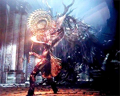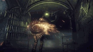 - Максимальной эффективности от данного орудия можно добиться, используя в паре со Сгустком крови чудовища. При атаке на R1, в двуручной стойке, полоса чудовищности будет заполнена полностью уже после 5-6 (при большом количестве озарения с 2-3) ударов подряд. Всё потому, что наносится одновременно и ударный урон и режущий, за счёт раскрутки дисков пилы.
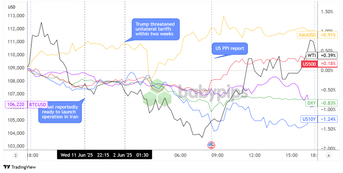 Threat belongings like bitcoin and fairness futures, together with Treasury yields and the greenback, edged progressively decrease whereas safe-haven gold and crude oil have been elevated, with the latter propped up by expectations of provide disruptions on potential assaults. Nonetheless, the vitality commodity quickly joined higher-yielding holdings within the selloff, as a CBS report cited sources saying that Israel is gearing as much as launch a navy operation in Iran.
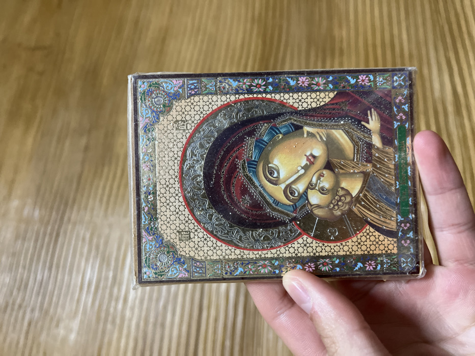 A close-up, eye-level photograph captured in the city of Dolni Chiflik, Bulgaria, depicts a light-skinned left hand holding a small, rectangular religious icon. The icon portrays the Virgin Mary, wearing a maroon head covering and a blue garment, cradling the Infant Jesus, who wears a golden-brown tunic and looks up towards Mary. Both figures are depicted with golden halos and stylized features in a Byzantine-influenced artistic style. The icon's background and border are extensively decorated with gold-colored elements, intricate patterns, and accents of red, blue, and green. Glitter is visible across the icon's surface. The entire icon is encased in a clear plastic film, showing minor reflections and slight creasing around the edges. The hand supports the icon from its left side and bottom, with the thumb, index, and middle fingers visible. The background consists of an out-of-focus wooden surface with light to medium brown horizontal grain patterns.
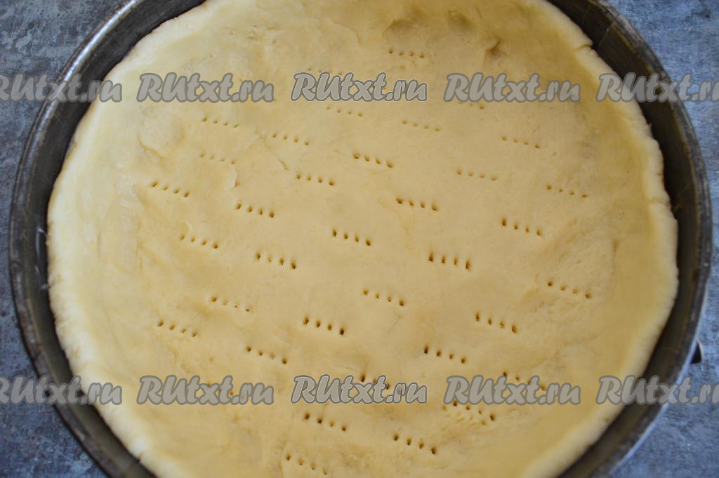По прошествии времени достать песочное тесто из холодильника. Дно и бока формы для выпечки (у меня разъёмная форма диаметром 22 сантиметра) смазать небольшим кусочком сливочного масла. Тесто равномерно распределить по дну форму, формируя бортики. По дну формы на тесте вилкой сделать проколы. Проколы нужны, чтобы песочное тесто сильно не поднималось во время выпечки в духовке.
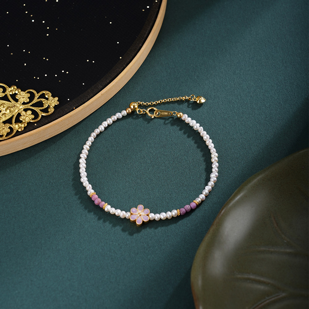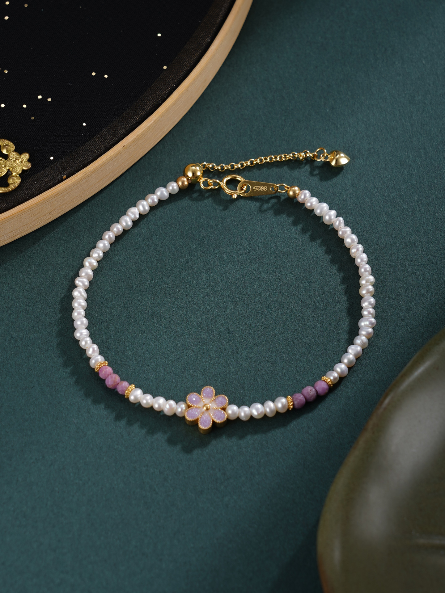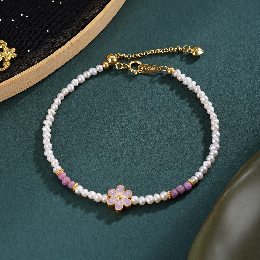 子佩集【紫梦花海】银S925珍珠惜王妃手链【SGB0770001】2.8mm珠镀金紫五瓣花朵2601
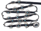 Native American Tufa Cast sterling and turquoise concho belt, signed at the<br>buckle LEB, the pierced circular floral form buckle with a central turquoise<br>cabochon, the belt with 23 other conchos in circular floral and bow tie forms,<br>each with a centered turquoise cabochon, belt: approx 50"l (end to end), buckle:<br>approx 1.25" diam, circular conchos: approx 1 1/8" diam, bow tie conchos: approx<br>1 1/8"h, 0.75"w, 161 grams total weight.
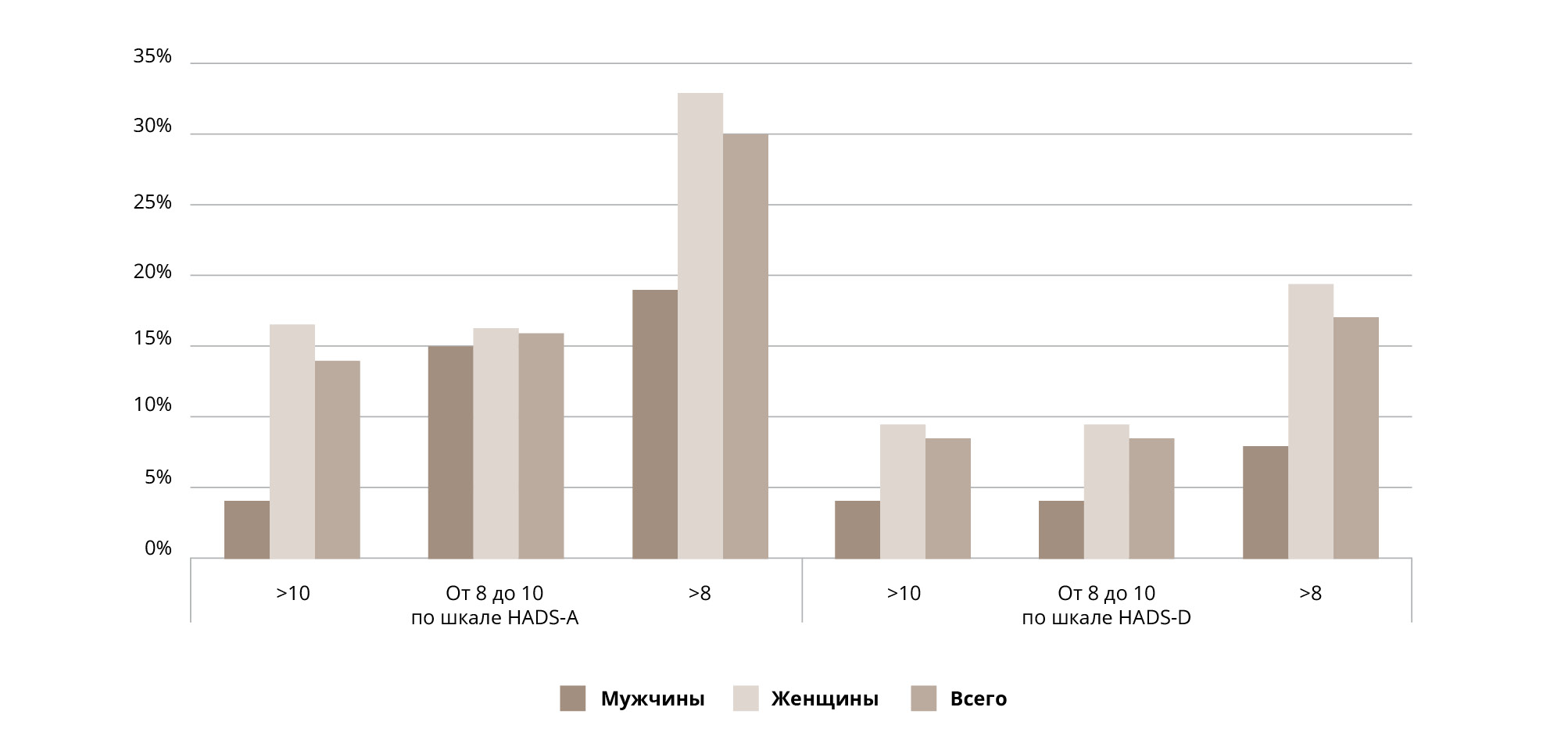 Results. In total, 352 responses were collected (men = 74, women = 278; age (M ± SD) = 36.81 ± 11.36 y.o.). Most respondents (n = 225, 63.92%) did not have any personal experience of the coronavirus infection. Normal levels of anxiety and depression scores were prevalent in the sample. Higher than normal levels of HADS anxiety/depression (> 7 scores) were observed in 105 (29.83%) and 59 (16.76%) respondents, respectively; mean (95% CI) scores for HADS anxiety/depression were 6.23 [5.77, 6.68] /4.65 [4.22, 5.08] (women) and 4.20 [3.32, 5.09] /3.46 [2.63, 4.29] (men), respectively.
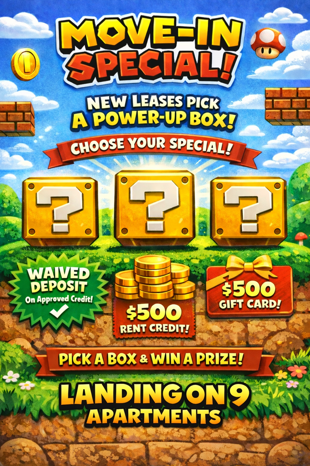 Hit Start on Your New Home! Apply and Pick a Mystery Box to unlock your reward: $500 Rent Credit $500 Gift Card $0 Deposit on approved credit Power-ups are waiting… which box will you choose?
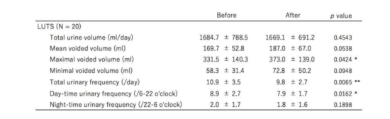 研究方法は下部尿路症状、便秘、hypersensitivity to cold(多分、冷え性?)である24人に対して1日2回青竹踏みを28日間に渡って行ってもらいました。排尿状況に対しては前立腺肥大症の程度を見分ける「国際前立腺症状スコア(IPSS)」と過活動膀胱の程度をみる「過活動膀胱症状スコア(OABSS)」を使用しています。同時に便秘とhypersensitivity to coldに対する評価も行なっています。その結果
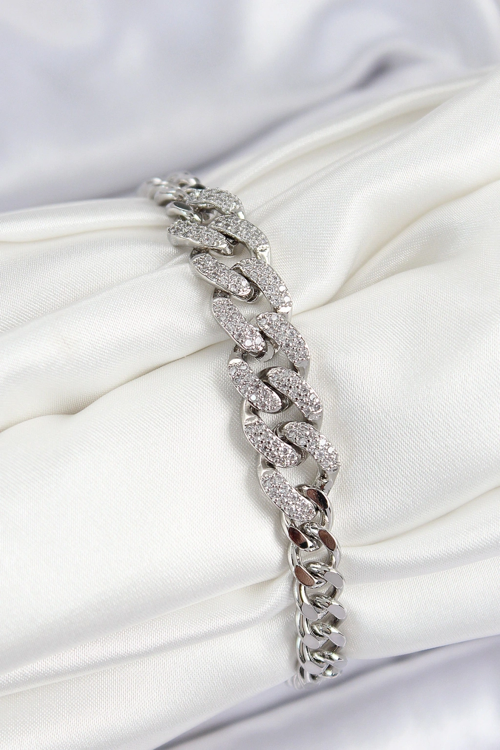Pirinç Zirkon Taşlı Küba Zincir Model Gümüş Renk Kadın Bileklik
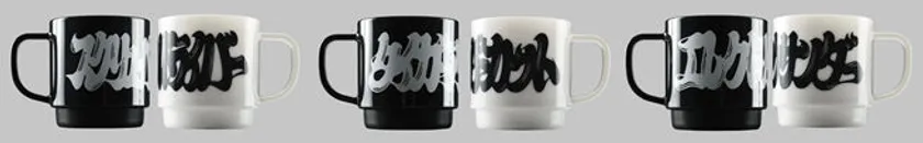 キャラクターの必殺技名にフォーカスし、漢字・仮名の必殺技名を力強く筆文字で表現したグラフィックを日本製のリサイクルPET100%の耐熱マグにプリントしました。
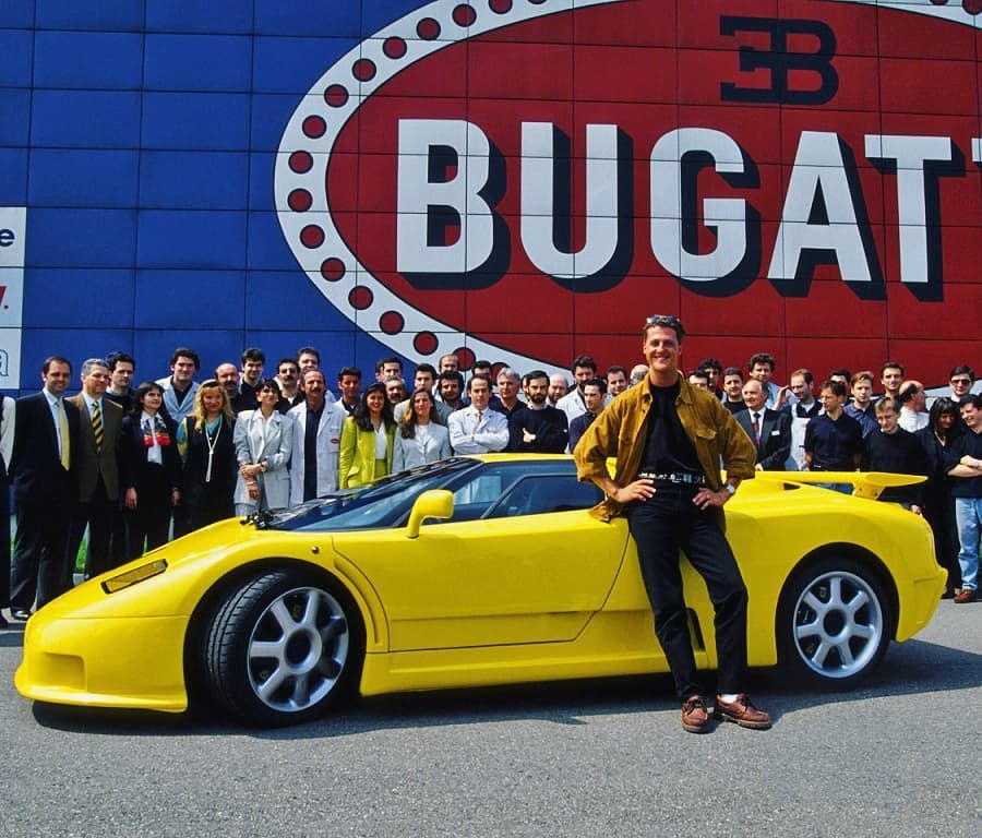 Just six months after the introduction of the EB 110 GT, a lighter and more powerful EB 110 Super Sport was introduced at the 1992 Geneva Motor Show. The 603-horsepower Super Sport variant was lighter than the GT by 150 kilograms by using carbon-fiber body panels on the exterior and in the interior. It can accelerate from zero to 100 km/h in 3.2 seconds and reach a top speed of 355 km/h. Formula One driver Michael Schumacher bought a yellow EB 110 Super Sport in 1994 and owned it until 2003.
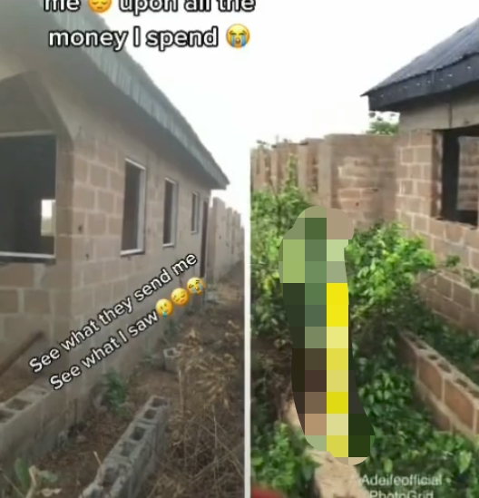 The lady had come back home with high expectations to see a beautifully erected building only for her to see a partially completed house with grasses growing around it.
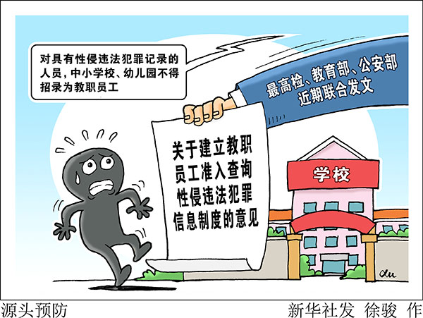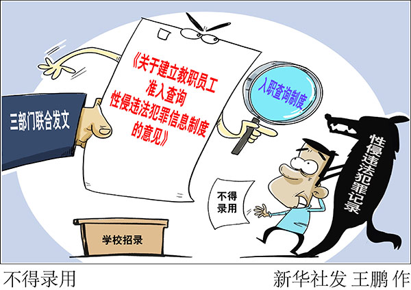 新華社北京9月18日電(記者陳菲)為加強(qiáng)對(duì)性侵未成年人犯罪的源頭預(yù)防,最高檢、教育部、公安部近期聯(lián)合發(fā)文,要求在全國(guó)建立入職查詢制度,對(duì)具有性侵違法犯罪記錄的人員,中小學(xué)校、幼兒園不得錄用,教師認(rèn)定機(jī)構(gòu)不得認(rèn)定教師資格。
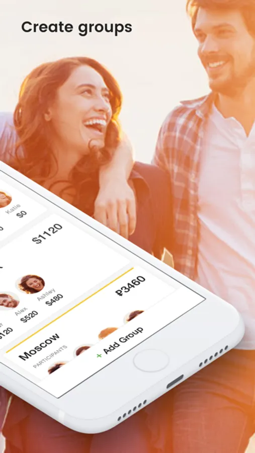 - create group with participants, select currency, upload avatars for participants or choose participant from contacts;
=====
* _WHAT YOU WILL DO_
The answer is the lines above from the one with "По прошествии времени" to the one with "子佩集【紫梦花海】银S925", set down exactly, with no pictures.

* _TASK OUTPUT_
По прошествии времени достать песочное тесто из холодильника. Дно и бока формы для выпечки (у меня разъёмная форма диаметром 22 сантиметра) смазать небольшим кусочком сливочного масла. Тесто равномерно распределить по дну форму, формируя бортики. По дну формы на тесте вилкой сделать проколы. Проколы нужны, чтобы песочное тесто сильно не поднималось во время выпечки в духовке.
 子佩集【紫梦花海】银S925珍珠惜王妃手链【SGB0770001】2.8mm珠镀金紫五瓣花朵2601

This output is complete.